_Information shown:_

☆ ☆ ☆

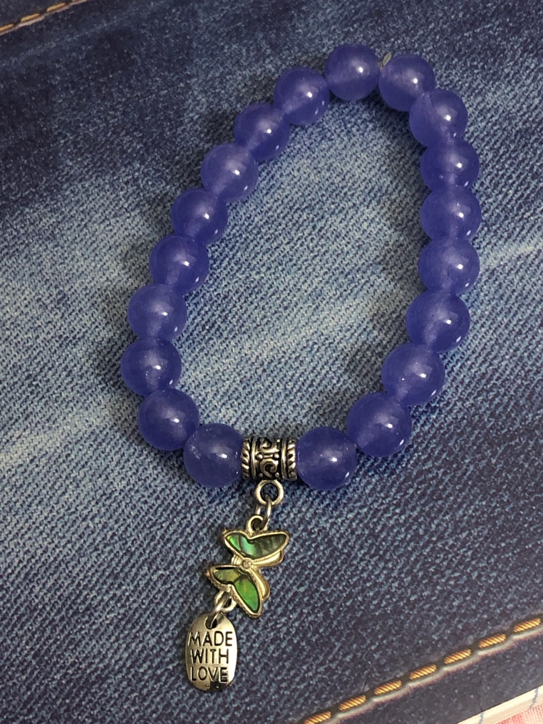 Beautiful purple beaded bracelet. Features a cute butterfly charm with 'Made with Love' inscription. Perfect accessory for everyday wear.Handmade
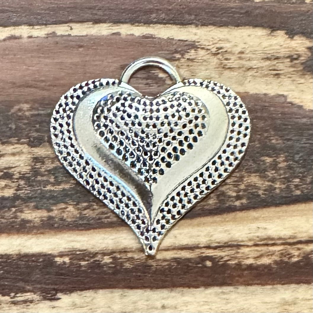 BCB-0927 - Antique Silver Heart Pendant, Dotted, 34mm | Pkg 1
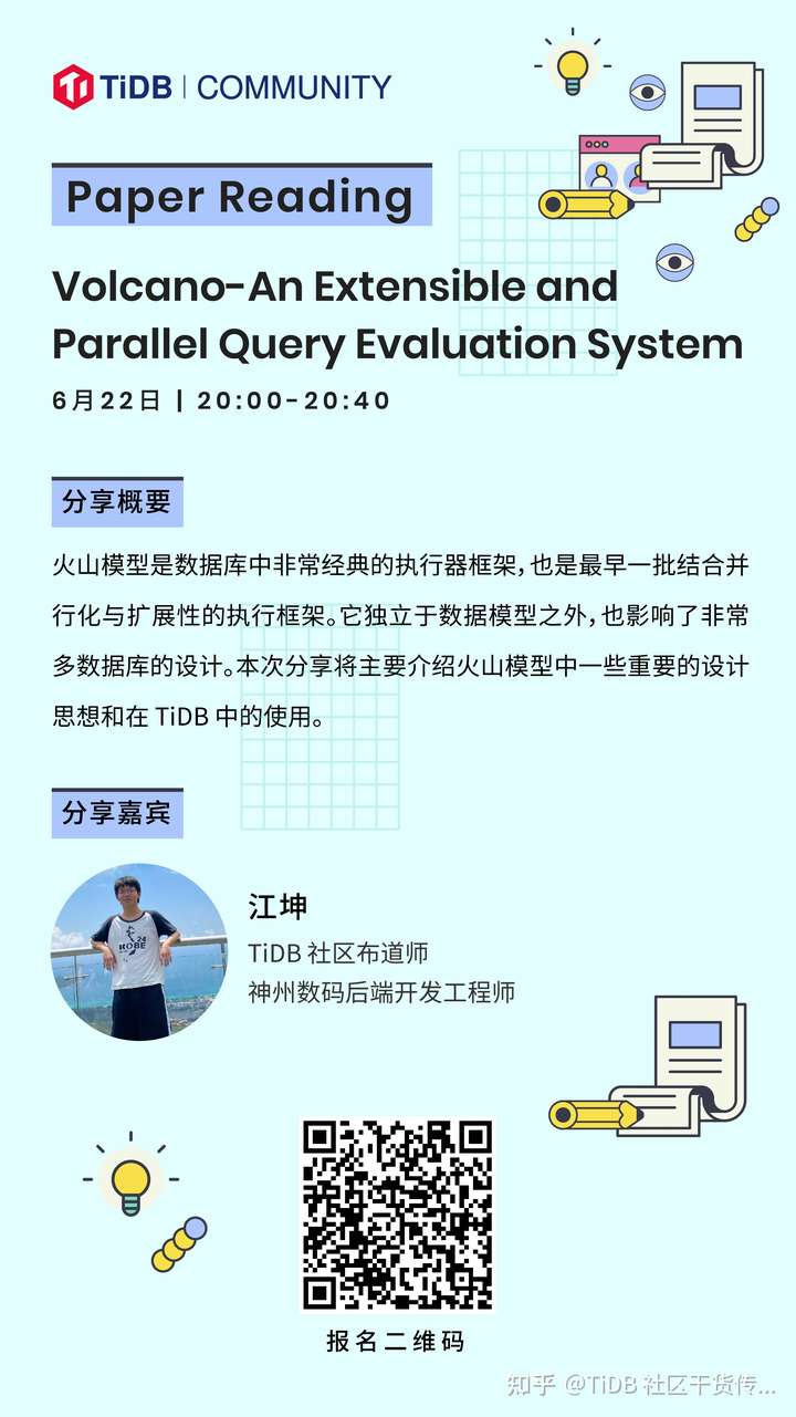 6 月 22 日 Paper Reading 再度回归,本期有幸邀请到了来自神州数码 后端开发工程师 江坤老师 @pupillord 分享《Volcano-An Extensible and Parallel Query Evaluation System》,通过这篇 paper,可以带大家了解数据库中非常经典的执行器框架——火山模型,也会向大家介绍火山模型中一些重要的设计思想以及在 TiDB 中的使用!
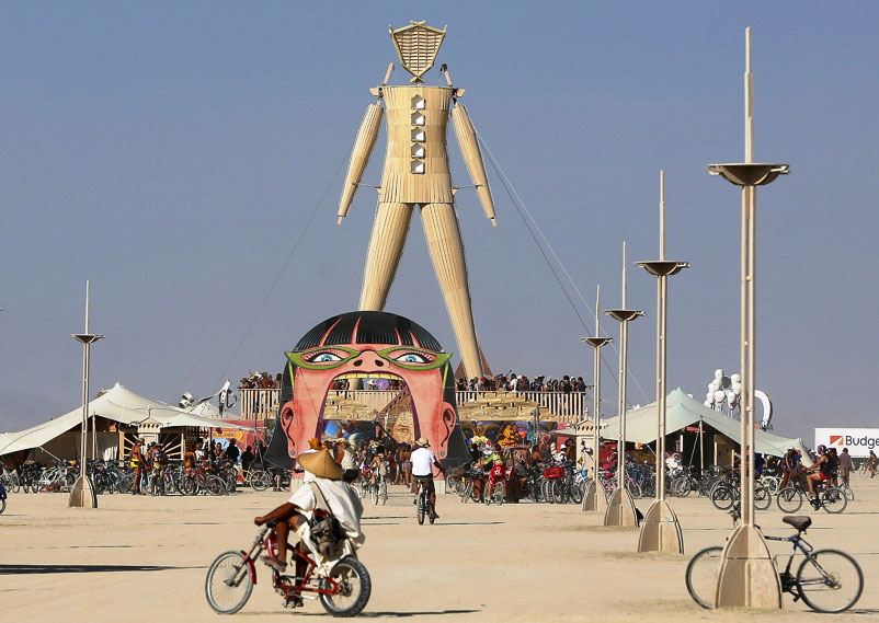 Чем же так необычен фестиваль Burning Man, если каждый год в пустыню Блек Рок в американском штате Невада стекается не менее 70 тыс. человек? Ровно на одну неделю на пустынных песках вырастает целый город с улицами и даже кварталами, на которых вместо домов стоят палатки, машины или жилые фургончики.

☆ ☆ ☆

_Exercise goal:_ Output, exactly and only: the line containing "6 月 22 日 Paper", the last line of the listing above, and every line in between. Leave the pictures out.

_Response below:_
 6 月 22 日 Paper Reading 再度回归,本期有幸邀请到了来自神州数码 后端开发工程师 江坤老师 @pupillord 分享《Volcano-An Extensible and Parallel Query Evaluation System》,通过这篇 paper,可以带大家了解数据库中非常经典的执行器框架——火山模型,也会向大家介绍火山模型中一些重要的设计思想以及在 TiDB 中的使用!
 Чем же так необычен фестиваль Burning Man, если каждый год в пустыню Блек Рок в американском штате Невада стекается не менее 70 тыс. человек? Ровно на одну неделю на пустынных песках вырастает целый город с улицами и даже кварталами, на которых вместо домов стоят палатки, машины или жилые фургончики.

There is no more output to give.